感謝自体はするんだけどな。態度に表すのが嫌だとか言う謎の頑固さ。そのくせ、またこいだとかなんだとか言ってくる。中途半端にツンデレ完成度が高いだの言われてたんだったか。
再度訪れるときちんとイベントがあって、笑顔で暴言はなってくるから中途半端に人気があった。何なんだろうなナートゥーラのサブキャラ連中は。謎に濃い。
「お前がファベルだな?」
「ああぁん? なんだ若造」
「魔剣を作れ。俺は魔剣が欲しい」
俺の歯に衣着せぬ物言いにファベルは不機嫌そうに眉を動かしたが、忌まわしそうに炉の方を見て、大きな舌打ちを一つ。それだけだった。
原作通りだな。
「しち面倒くさいやり取りは好かないからな、直球に言わせてもらう。魔剣を作れ、代わりに坑道に救ってる魔物を殺してやる」
「……ほう? 吠えるじゃねぇか小僧。吐いた唾に命は賭けられるか?」
「俺は最強になる男だ。この程度どうということはない」
俺とファベルの視線がかち合い火花を散らす。
いい眼光してるな爺。まだ目が死んでないのは上等だ。
「たかがでかいミミズ相手に手間取ってるなんて、笑い話にしてやるよ」
「へぇ、いい気合じゃねぇか。うちの馬鹿どもにも見習わせたい啖呵だぜ」
こいつとのコミュニケーションは引かないことが重要だ。
引いたら負けだ。正面から戦って勝ってやる。
ファベルは俺が視線を逸らさないのを確認すると、突如笑顔になり俺の背中を叩いてくる。

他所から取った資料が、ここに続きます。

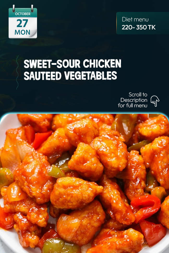 Diet Regular | Sweet & Sour Chicken Sauteed Vegetables Steamed Brown Rice Fresh Salad Roasted Nut Mouth Freshener |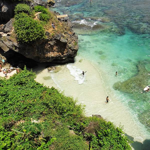 Uluwatu Beach位于Uluwatu Temple 附近的悬崖下,这里风高浪大,是天堂岛上最好的冲浪点之一。

この背中を叩くコミュニケーションは何なんだ。バルバもそうだったが。
「上等じゃねぇか気に入ったぞ! いくらでも必要なら俺の武器もっていきやがれ!」
「ああ、幾らでも武器作らせてやるから覚悟しておけ」
ひとまず、話はうまくまとめられたな。
あとは敵を倒すだけだが、これは本当に物の数に入らん。
所詮はゲーム中盤のイベントだからな。俺の相手じゃない。
流石に“あの方”も関わっていないだろう。関わっていたら何が起こるかわからんが。
「おい、お前ら聞いたろ! 炉の温度上げろ、準備すっぞ!」
ファベルの号令に合わせて、工房が湧きたつ。
現金なやつらだ。嫌いじゃないけどな、わかりやすくて。
「おい、なんか必要な武器あるか小僧」
「いらんな。しいて言えば、今の武器ぶっ壊してミミズぶち殺して速攻で帰ってくるから、新しい普通の剣を用意しておいてくれ」
「バッカ野郎、うちに普通の剣なんてねぇ! うちにあるのはどれも最上級の特上もんよ!」
「魔剣じゃない剣を用意しろっつてんだよ、誰も質の話なんざしてねぇ馬鹿爺」
「ならそうと言いやがれ歯ぁ生えそろってねぇのか口ったらず小僧」
マジでくだらないやり取りだ。
だが言われたままは腹が立つので言い返す。
言い争いをしていてもいいが、別にそれは本題じゃないことを思い出す。
少しだけ楽しくなっていた? まさか。
「さっさと殺して帰ってきてやる。盛大に出迎える準備だけしておけよ」
「あたぼうよ! てめぇこそ命惜しさに逃げ出してきたら笑ってやるから覚悟しておけよな!」
親指を立てて、返事とする。
工房を後にして、俺は坑道へと向かう。
さっさと終わらせるとしよう。こんなどうでもいいもんに時間をかけていられるか。
俺はさっさと“あの方”に目にもの見せてやりたいんだ。
因みに、坑道に巣くっていたでかいミミズだが、マジで大したことなかった。原作でもベヘモトよりも弱い敵だったんだから当然だな。俺の敵じゃない。
今のフェレスたちなら、まあ苦戦するけれど倒せる程度の敵だった。あいつらもだいぶ強くはなってるからな。
少しだけ獲物を奪ったことを悪く思うが、全部終わったら案内してやるから許してくれよな。